I will show some R traps here.  The purpose of this page is not going to tell you how “crappy” R is. R is great indeed and also these kind of “traps” can happen in any other languages.

if(a<-5)

Assume you want make a condition to check if “a is smaller than negative five“, then do something. So you wrote

if (a<-5)
{
     sin(pi/3) } 

but R will check if you “assign positive five to a”  since “<-” in R is an assignment operator. And of course this is always TRUE. As a result, R will always do the calculations within the condition.

Solutions
: use a better coding style. i.e. always put a space between the operator (either assignment operators or relations operators) and values e.g.,

if (a < -5)
{
    sin(pi/3)
}

or use the parentheses if you want to make sure what you are ding.

if (a<(-5))
{
    sin(pi/3)
}

#### break a long line

When you want to break a long expression into several lines in R, you don’t have to put a special notation at end of each line and R will check if your expression has finished. This makes thing convenient but also brings troubles.  Assume you have a very long expression and you want to break it into two lines, e.g.

myvalue <- sin(pi/3) + cos(pi/3) + 2*sin(pi/3)*cos(pi/3)

The result should be 2.232051.

But you wrote

myvalue <- sin(pi/3) + cos(pi/3)            + 2*sin(pi/3)*cos(pi/3)

R will think you have finished the expression at the end of first line and started a new expression from the second line.  You will find the result is 1.366025 since the second part is not included in at all.
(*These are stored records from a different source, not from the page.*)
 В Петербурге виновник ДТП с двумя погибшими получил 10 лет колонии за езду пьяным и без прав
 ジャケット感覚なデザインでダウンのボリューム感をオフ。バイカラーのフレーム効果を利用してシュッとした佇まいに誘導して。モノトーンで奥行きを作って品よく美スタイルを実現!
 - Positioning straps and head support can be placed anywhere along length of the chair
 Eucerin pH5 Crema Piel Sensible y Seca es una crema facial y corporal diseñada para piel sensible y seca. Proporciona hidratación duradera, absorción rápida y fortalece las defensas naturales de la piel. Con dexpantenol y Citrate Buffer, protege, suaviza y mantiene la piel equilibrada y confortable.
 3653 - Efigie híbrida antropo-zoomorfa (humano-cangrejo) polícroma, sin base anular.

Solutions: You can either put a pair of parentheses in your expression like this

myvalue <- (sin(pi/3) + cos(pi/3) 
            + 2*sin(pi/3)*cos(pi/3))

but too many parentheses make the code very hard to read. So you can do the trick that alway break the line after the arithmetic operators

myvalue <- sin(pi/3) + cos(pi/3) +            2*sin(pi/3)*cos(pi/3)
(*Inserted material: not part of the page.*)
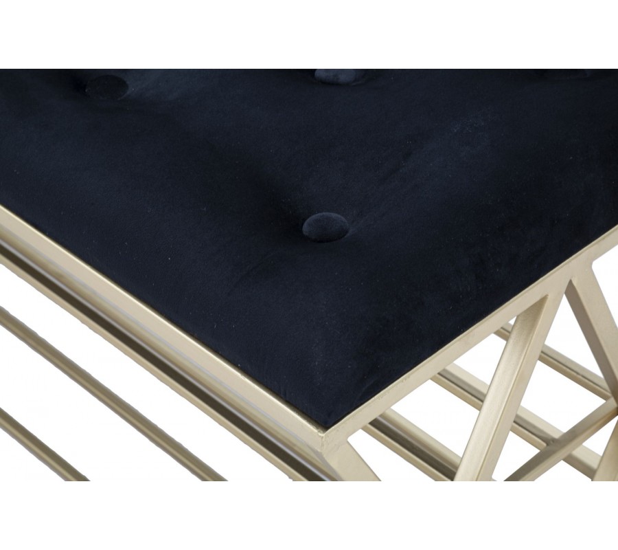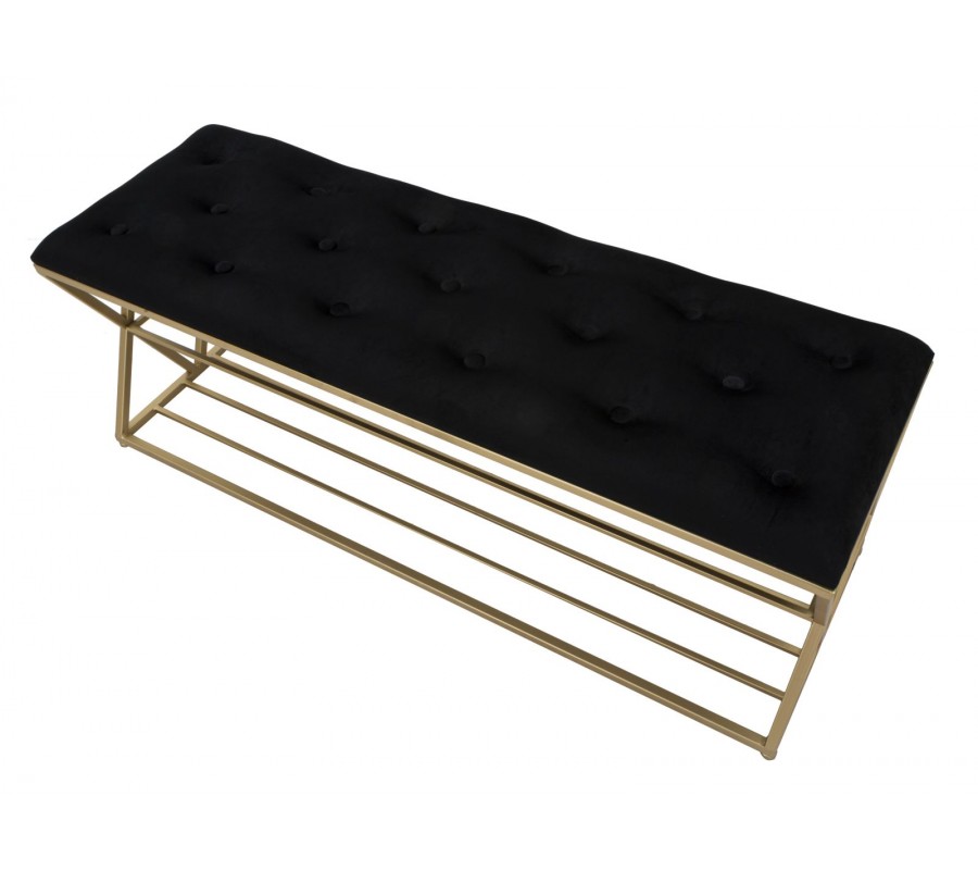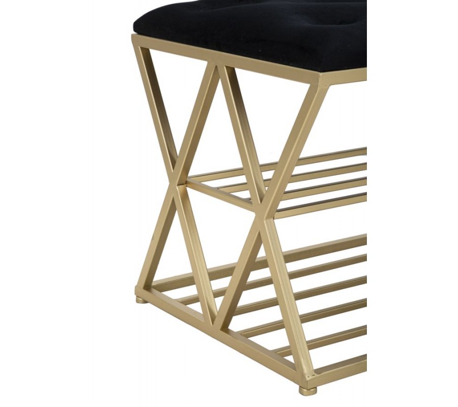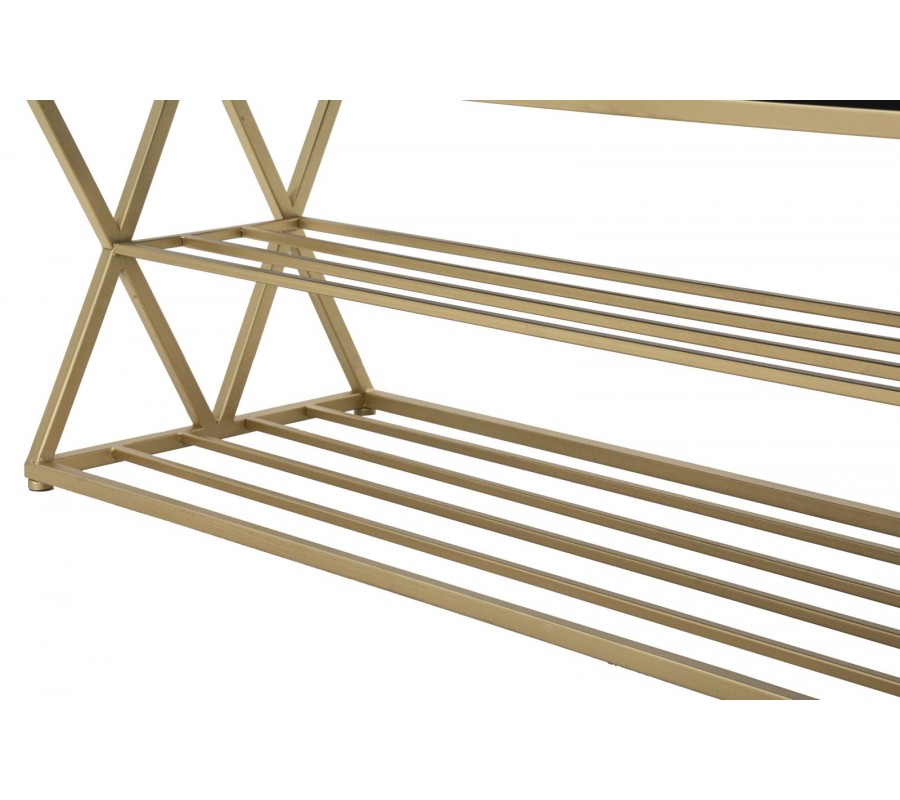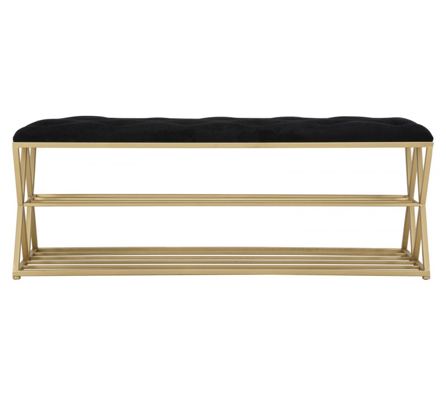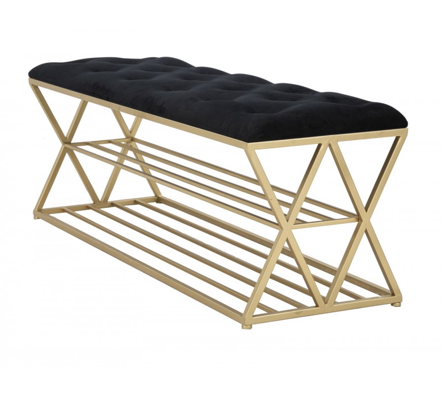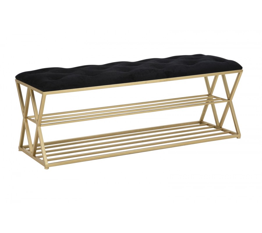 Dizajnová art deco lavica Araccia s dvomi policami na topánky v zlatej farbe s čiernym zamatovým čalúnením 120 cm

#### diag() function with a vector

As is described in R help document, using ‘diag(x)’ can have unexpected effects if ‘x’ is a vector could be of length one, like this example

> diag(7.4)
     [,1] [,2] [,3] [,4] [,5] [,6] [,7]
[1,]    1    0    0    0    0    0    0
[2,]    0    1    0    0    0    0    0
[3,]    0    0    1    0    0    0    0
[4,]    0    0    0    1    0    0    0
[5,]    0    0    0    0    1    0    0
[6,]    0    0    0    0    0    1    0
[7,]    0    0    0    0    0    0    1

Solutions: To avoid this, use “diag(x, nrow = length(x))” for consistent behavior when “x” is a vector

> x = c(1,2,3)
> diag(x,length(x))
     [,1] [,2] [,3]
[1,]    1    0    0
[2,]    0    2    0
[3,]    0    0    3
> x = 2.4
> diag(x,length(x))
     [,1]
[1,]  2.4

#### sample(x) when length of x is 1 and x is an integer

The first argument of sample function has some inconsistent behaviors when the length of x is 1 and x is an integer, see this example

sample(x=3, n = 10, replace=TRUE) # same as sample(x=1:3, n = 10, replace=TRUE)

If you want to sample “3” ten times with replacement, i.e. you obtain a vector of ten 3, you have to check that condition explicitly.